• REQUIRED ACTION
Your task is to restate word for word the lines in the material below, from the one with "Lnr Shop Atasan" up to and including the one with "15 белых роз российских". Do not carry over the pictures.

• RECORDED INFORMATION
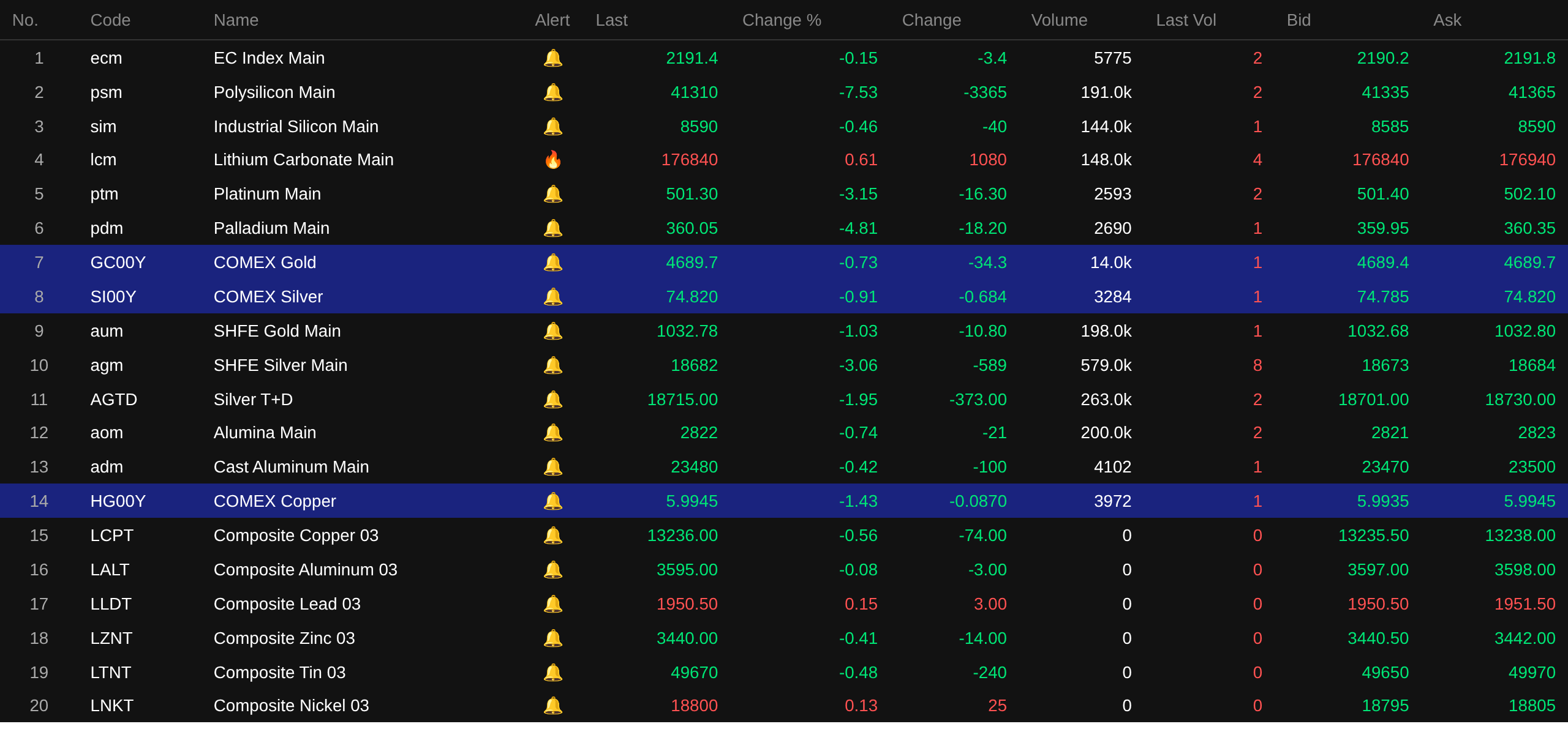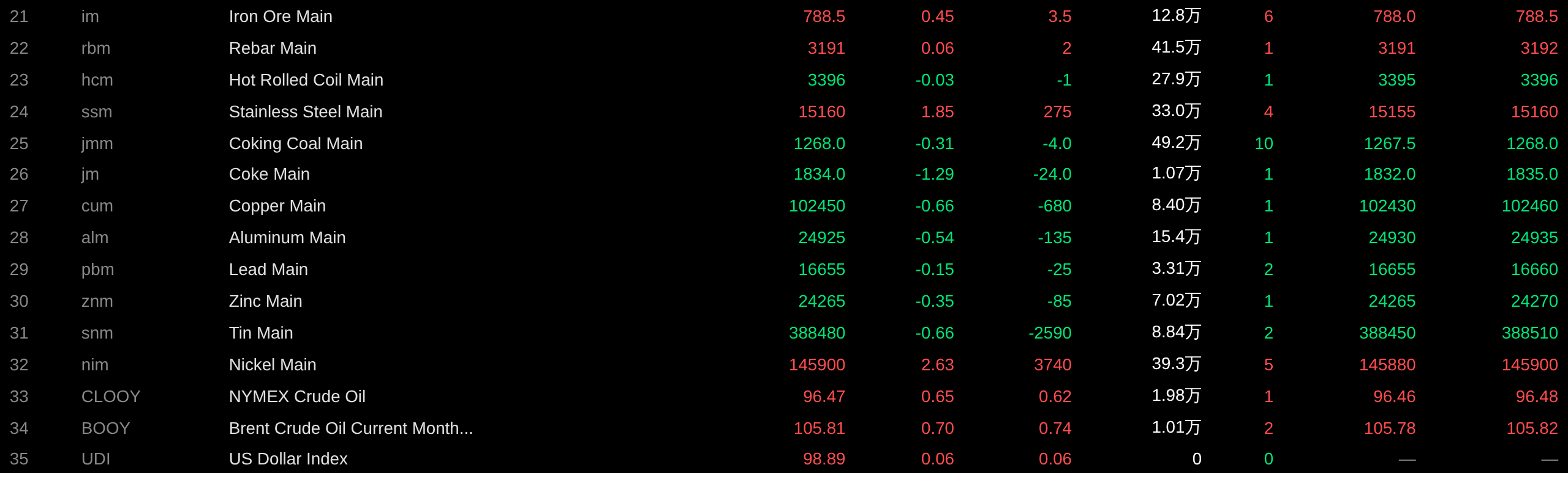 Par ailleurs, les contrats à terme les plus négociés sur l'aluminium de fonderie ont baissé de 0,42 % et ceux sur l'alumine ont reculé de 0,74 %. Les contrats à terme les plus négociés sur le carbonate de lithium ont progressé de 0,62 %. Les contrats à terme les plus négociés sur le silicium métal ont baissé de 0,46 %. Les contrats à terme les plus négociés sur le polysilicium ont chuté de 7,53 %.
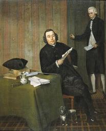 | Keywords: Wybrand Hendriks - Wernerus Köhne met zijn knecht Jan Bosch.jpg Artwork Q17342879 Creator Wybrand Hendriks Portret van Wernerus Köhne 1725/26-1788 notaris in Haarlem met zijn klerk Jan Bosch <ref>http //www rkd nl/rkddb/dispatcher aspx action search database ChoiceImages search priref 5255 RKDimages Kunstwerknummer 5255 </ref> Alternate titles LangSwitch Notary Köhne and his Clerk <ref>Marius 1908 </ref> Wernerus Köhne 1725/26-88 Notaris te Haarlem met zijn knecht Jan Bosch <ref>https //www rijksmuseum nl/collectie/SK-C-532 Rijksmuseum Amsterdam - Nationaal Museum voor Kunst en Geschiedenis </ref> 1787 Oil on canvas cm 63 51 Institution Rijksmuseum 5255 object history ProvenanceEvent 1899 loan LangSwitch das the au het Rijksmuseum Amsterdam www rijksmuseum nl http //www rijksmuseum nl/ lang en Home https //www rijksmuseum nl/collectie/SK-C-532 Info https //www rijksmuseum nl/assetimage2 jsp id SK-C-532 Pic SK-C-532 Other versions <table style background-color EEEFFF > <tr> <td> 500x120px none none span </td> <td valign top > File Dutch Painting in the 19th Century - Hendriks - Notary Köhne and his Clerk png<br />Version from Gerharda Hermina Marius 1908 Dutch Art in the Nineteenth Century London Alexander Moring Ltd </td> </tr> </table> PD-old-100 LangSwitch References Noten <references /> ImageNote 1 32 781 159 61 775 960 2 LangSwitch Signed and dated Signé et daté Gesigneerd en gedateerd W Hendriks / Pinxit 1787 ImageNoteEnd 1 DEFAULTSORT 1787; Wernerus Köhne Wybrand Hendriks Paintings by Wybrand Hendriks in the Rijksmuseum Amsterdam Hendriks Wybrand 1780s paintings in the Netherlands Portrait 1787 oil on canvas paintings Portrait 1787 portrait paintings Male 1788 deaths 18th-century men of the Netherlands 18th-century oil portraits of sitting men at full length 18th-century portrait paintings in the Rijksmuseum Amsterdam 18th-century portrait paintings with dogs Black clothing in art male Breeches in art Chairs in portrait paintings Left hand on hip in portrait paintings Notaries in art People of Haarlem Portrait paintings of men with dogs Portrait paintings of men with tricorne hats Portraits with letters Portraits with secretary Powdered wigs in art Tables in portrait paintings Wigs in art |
==
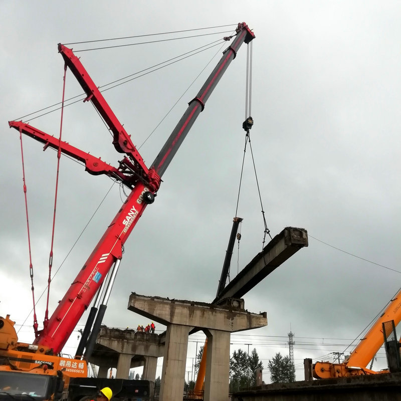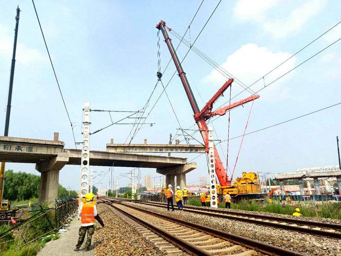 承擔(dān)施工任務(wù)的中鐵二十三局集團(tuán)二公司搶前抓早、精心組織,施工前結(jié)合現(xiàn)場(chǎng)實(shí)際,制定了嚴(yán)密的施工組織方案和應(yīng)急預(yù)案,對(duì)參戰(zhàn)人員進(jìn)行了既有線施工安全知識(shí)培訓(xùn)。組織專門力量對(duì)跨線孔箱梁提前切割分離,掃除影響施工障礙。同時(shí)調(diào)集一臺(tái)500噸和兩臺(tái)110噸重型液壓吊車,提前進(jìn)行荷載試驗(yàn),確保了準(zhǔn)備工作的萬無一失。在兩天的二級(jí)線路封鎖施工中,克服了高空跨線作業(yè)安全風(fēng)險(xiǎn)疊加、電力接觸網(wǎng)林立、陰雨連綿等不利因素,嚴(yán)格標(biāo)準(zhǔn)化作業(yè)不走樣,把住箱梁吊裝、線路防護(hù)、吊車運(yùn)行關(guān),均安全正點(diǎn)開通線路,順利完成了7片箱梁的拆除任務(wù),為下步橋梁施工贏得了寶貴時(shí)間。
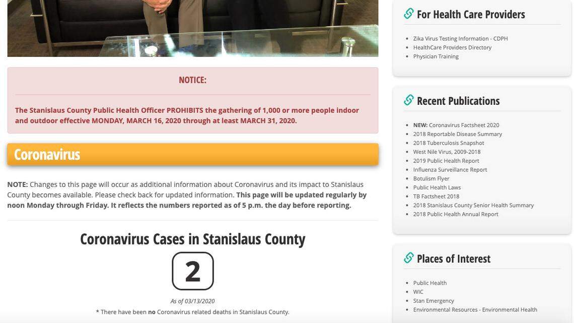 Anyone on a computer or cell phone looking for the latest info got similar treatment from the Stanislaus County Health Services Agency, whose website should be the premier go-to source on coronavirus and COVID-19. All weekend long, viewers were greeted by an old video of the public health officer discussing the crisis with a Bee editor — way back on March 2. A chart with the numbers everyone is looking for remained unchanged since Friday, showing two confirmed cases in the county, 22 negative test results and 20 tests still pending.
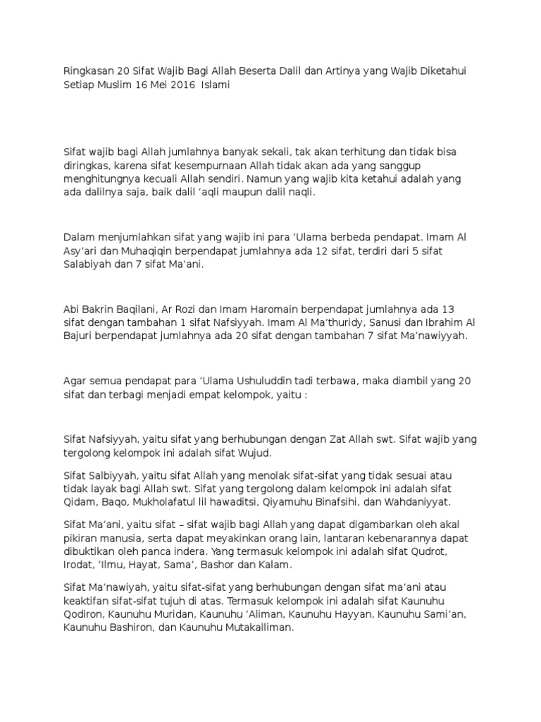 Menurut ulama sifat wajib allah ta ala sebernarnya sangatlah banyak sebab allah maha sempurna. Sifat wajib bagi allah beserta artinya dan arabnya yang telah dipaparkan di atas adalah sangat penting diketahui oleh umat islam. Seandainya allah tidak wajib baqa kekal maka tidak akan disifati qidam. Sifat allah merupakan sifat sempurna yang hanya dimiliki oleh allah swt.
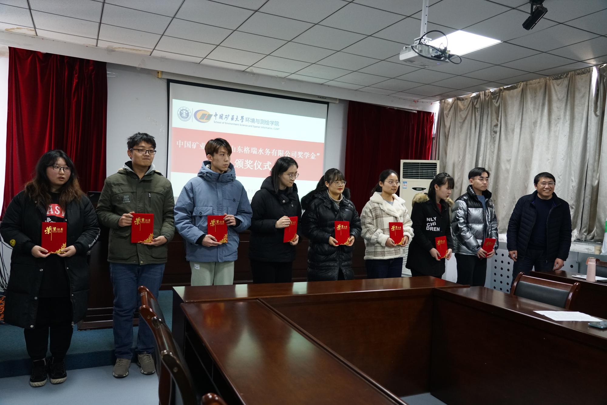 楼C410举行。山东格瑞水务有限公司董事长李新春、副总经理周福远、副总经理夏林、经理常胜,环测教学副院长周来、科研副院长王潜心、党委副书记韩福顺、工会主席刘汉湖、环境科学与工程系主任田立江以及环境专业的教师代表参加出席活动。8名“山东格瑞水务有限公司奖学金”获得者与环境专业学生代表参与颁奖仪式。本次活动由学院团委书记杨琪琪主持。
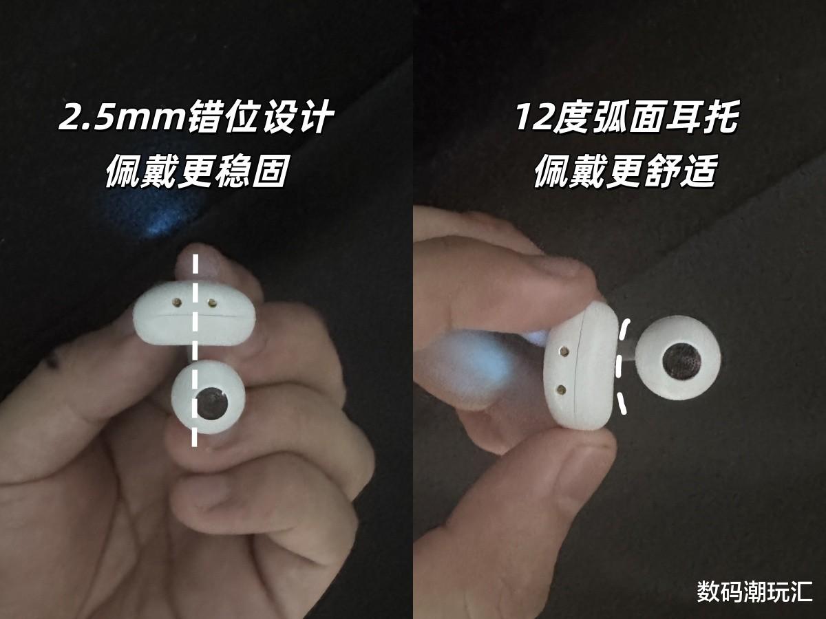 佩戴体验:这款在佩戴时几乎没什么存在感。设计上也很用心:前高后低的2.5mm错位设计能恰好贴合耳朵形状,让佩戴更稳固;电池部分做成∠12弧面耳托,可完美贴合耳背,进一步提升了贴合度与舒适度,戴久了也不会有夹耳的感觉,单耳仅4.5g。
==
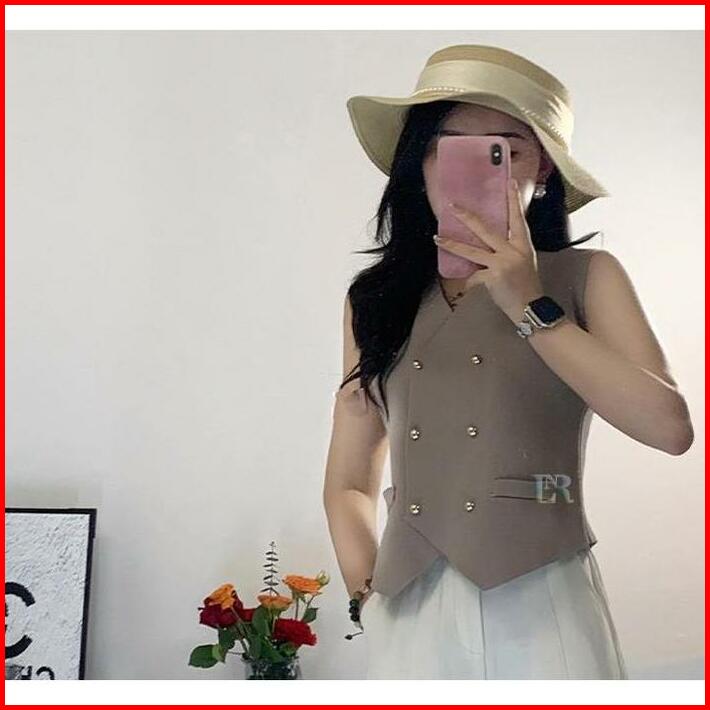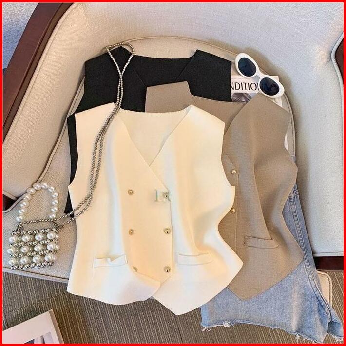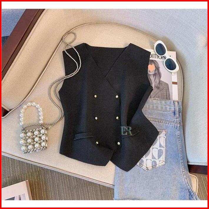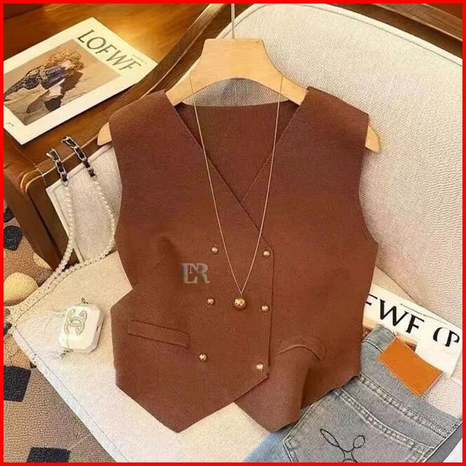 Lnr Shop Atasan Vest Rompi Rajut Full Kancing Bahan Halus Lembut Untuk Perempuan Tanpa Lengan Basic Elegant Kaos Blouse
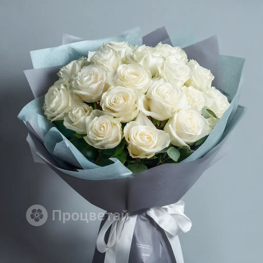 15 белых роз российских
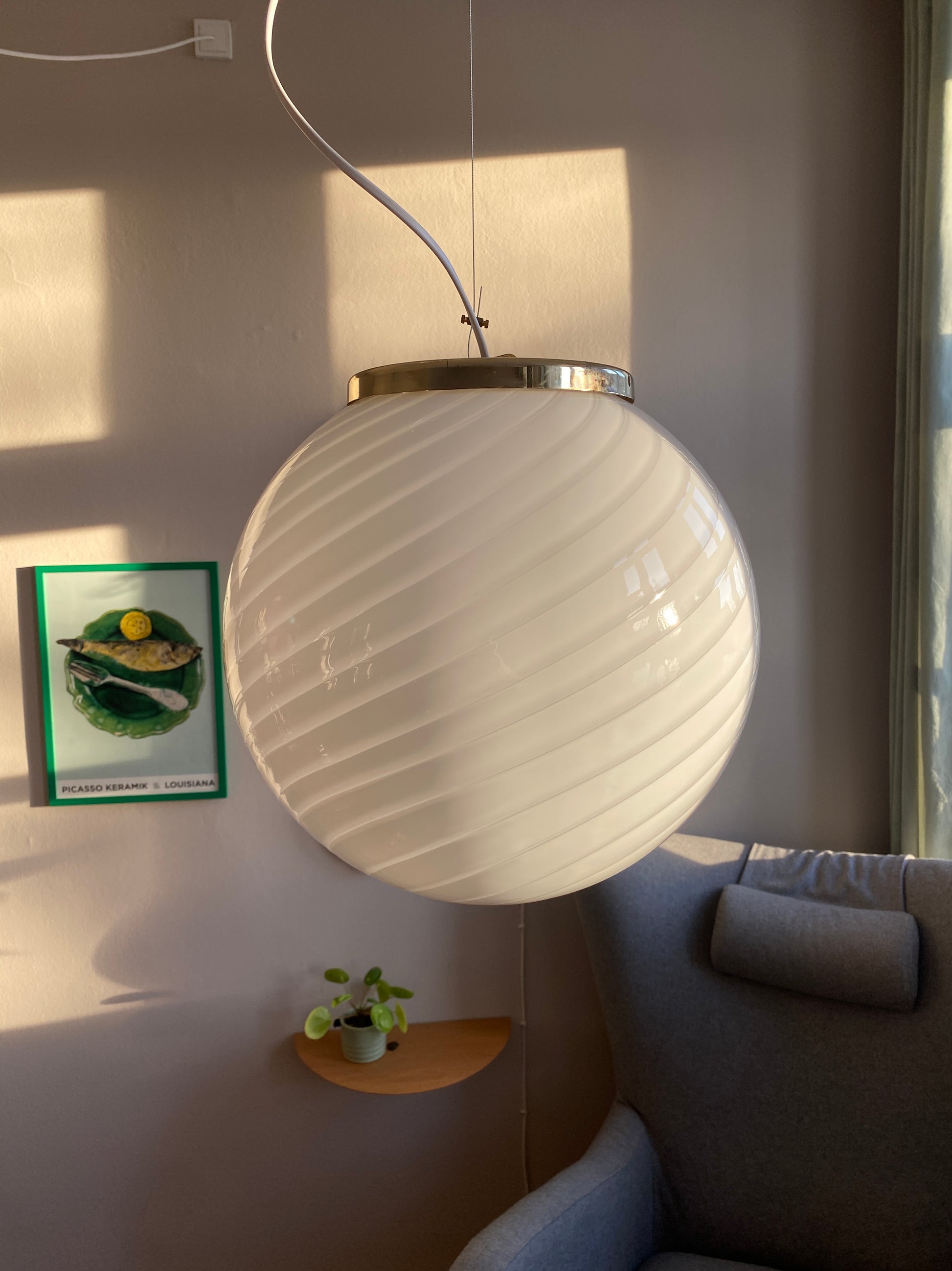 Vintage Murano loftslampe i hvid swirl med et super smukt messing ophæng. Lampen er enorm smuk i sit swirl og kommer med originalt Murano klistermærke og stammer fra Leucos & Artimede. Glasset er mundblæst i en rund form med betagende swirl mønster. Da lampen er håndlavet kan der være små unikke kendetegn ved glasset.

• FINISHED TASK
 Lnr Shop Atasan Vest Rompi Rajut Full Kancing Bahan Halus Lembut Untuk Perempuan Tanpa Lengan Basic Elegant Kaos Blouse
 15 белых роз российских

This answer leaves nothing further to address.